[Problem to work on] Keep the images out while you set down the data exactly.

[Provided material]
——

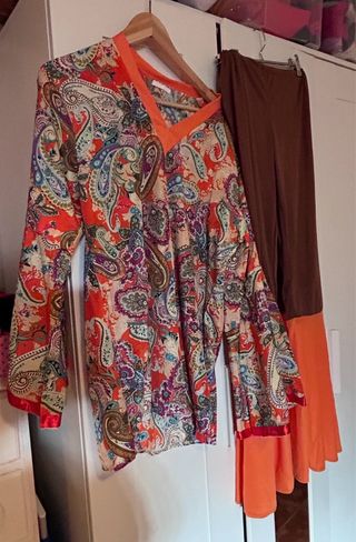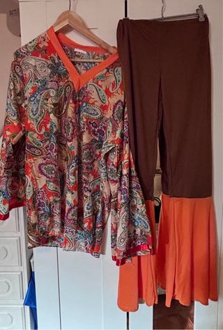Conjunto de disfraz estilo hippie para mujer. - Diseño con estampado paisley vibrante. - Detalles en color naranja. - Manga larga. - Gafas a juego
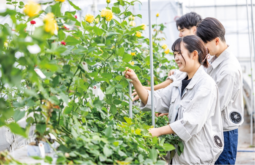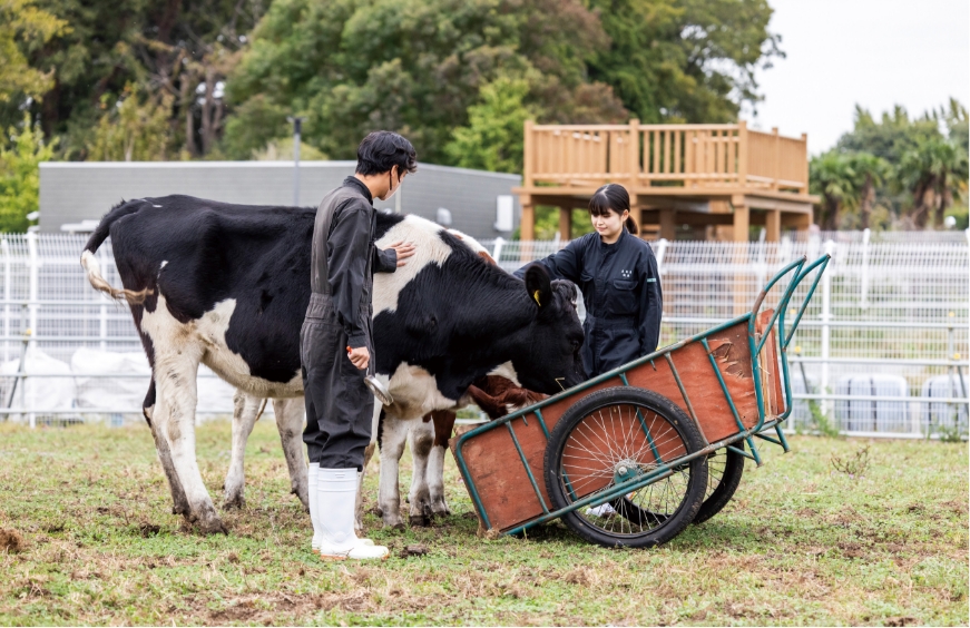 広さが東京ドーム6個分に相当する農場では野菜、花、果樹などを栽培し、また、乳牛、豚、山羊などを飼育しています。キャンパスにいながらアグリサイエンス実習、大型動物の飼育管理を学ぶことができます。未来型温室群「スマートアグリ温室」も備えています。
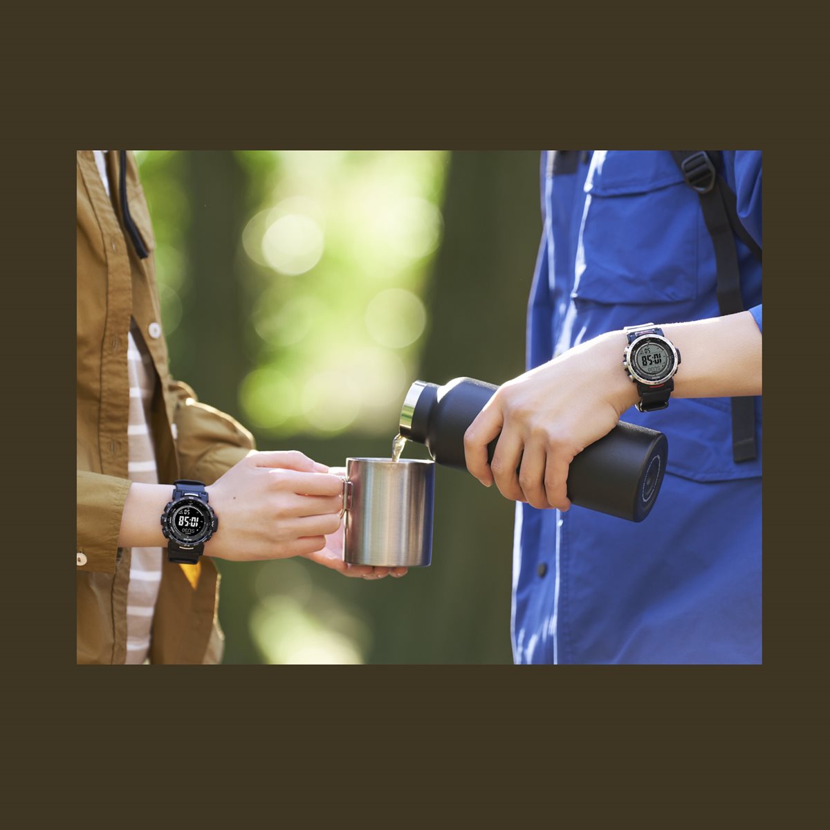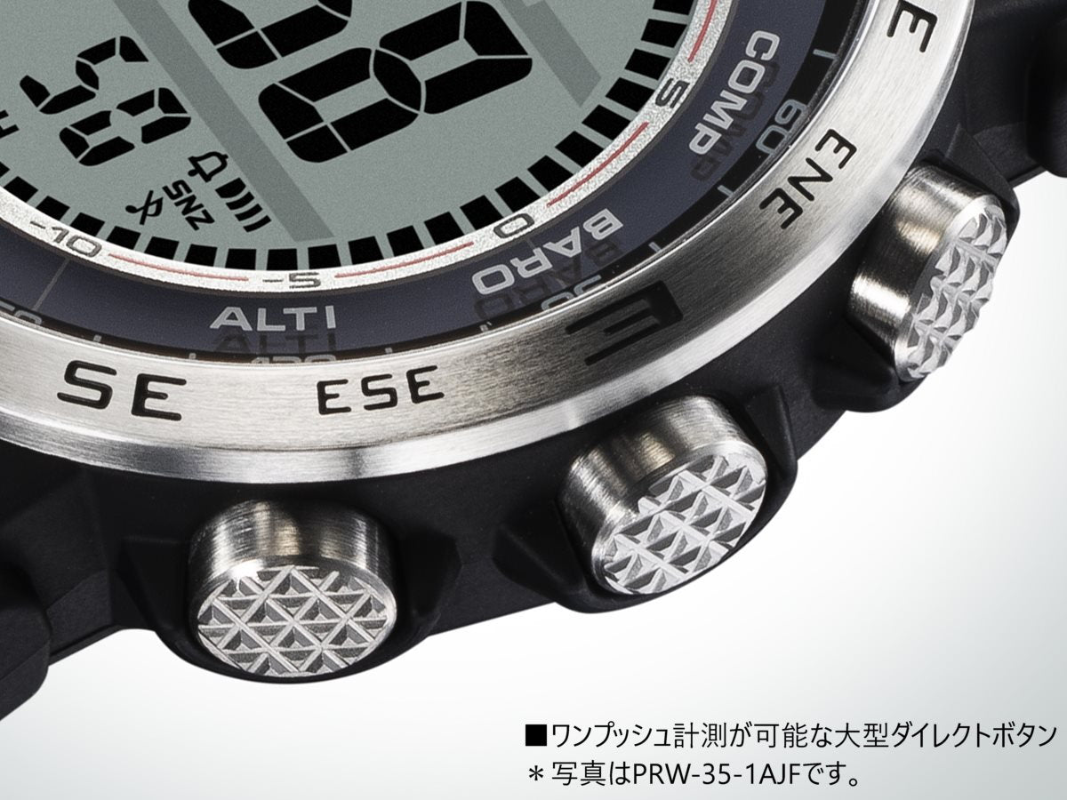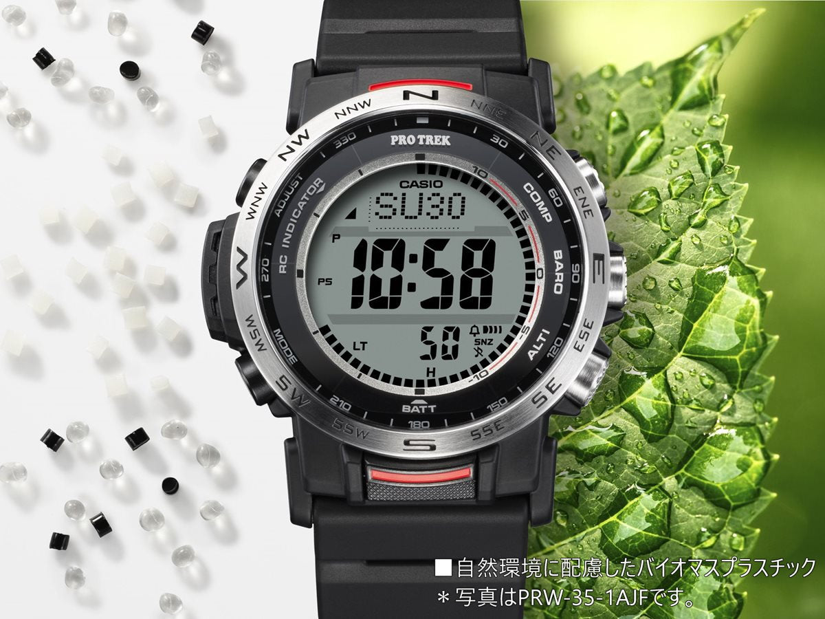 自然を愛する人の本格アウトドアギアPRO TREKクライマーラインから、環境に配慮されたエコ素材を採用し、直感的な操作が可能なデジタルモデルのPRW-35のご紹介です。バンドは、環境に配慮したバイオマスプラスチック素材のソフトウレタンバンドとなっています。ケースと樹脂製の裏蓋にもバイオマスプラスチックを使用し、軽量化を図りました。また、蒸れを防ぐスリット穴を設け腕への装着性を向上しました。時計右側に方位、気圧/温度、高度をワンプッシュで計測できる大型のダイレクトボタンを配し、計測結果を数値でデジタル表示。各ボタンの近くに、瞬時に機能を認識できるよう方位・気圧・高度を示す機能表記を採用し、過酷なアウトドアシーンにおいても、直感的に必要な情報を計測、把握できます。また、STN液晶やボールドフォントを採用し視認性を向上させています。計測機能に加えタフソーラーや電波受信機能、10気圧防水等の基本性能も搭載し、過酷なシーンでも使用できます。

——

[Answer below]
Conjunto de disfraz estilo hippie para mujer. - Diseño con estampado paisley vibrante. - Detalles en color naranja. - Manga larga. - Gafas a juego
 広さが東京ドーム6個分に相当する農場では野菜、花、果樹などを栽培し、また、乳牛、豚、山羊などを飼育しています。キャンパスにいながらアグリサイエンス実習、大型動物の飼育管理を学ぶことができます。未来型温室群「スマートアグリ温室」も備えています。
 自然を愛する人の本格アウトドアギアPRO TREKクライマーラインから、環境に配慮されたエコ素材を採用し、直感的な操作が可能なデジタルモデルのPRW-35のご紹介です。バンドは、環境に配慮したバイオマスプラスチック素材のソフトウレタンバンドとなっています。ケースと樹脂製の裏蓋にもバイオマスプラスチックを使用し、軽量化を図りました。また、蒸れを防ぐスリット穴を設け腕への装着性を向上しました。時計右側に方位、気圧/温度、高度をワンプッシュで計測できる大型のダイレクトボタンを配し、計測結果を数値でデジタル表示。各ボタンの近くに、瞬時に機能を認識できるよう方位・気圧・高度を示す機能表記を採用し、過酷なアウトドアシーンにおいても、直感的に必要な情報を計測、把握できます。また、STN液晶やボールドフォントを採用し視認性を向上させています。計測機能に加えタフソーラーや電波受信機能、10気圧防水等の基本性能も搭載し、過酷なシーンでも使用できます。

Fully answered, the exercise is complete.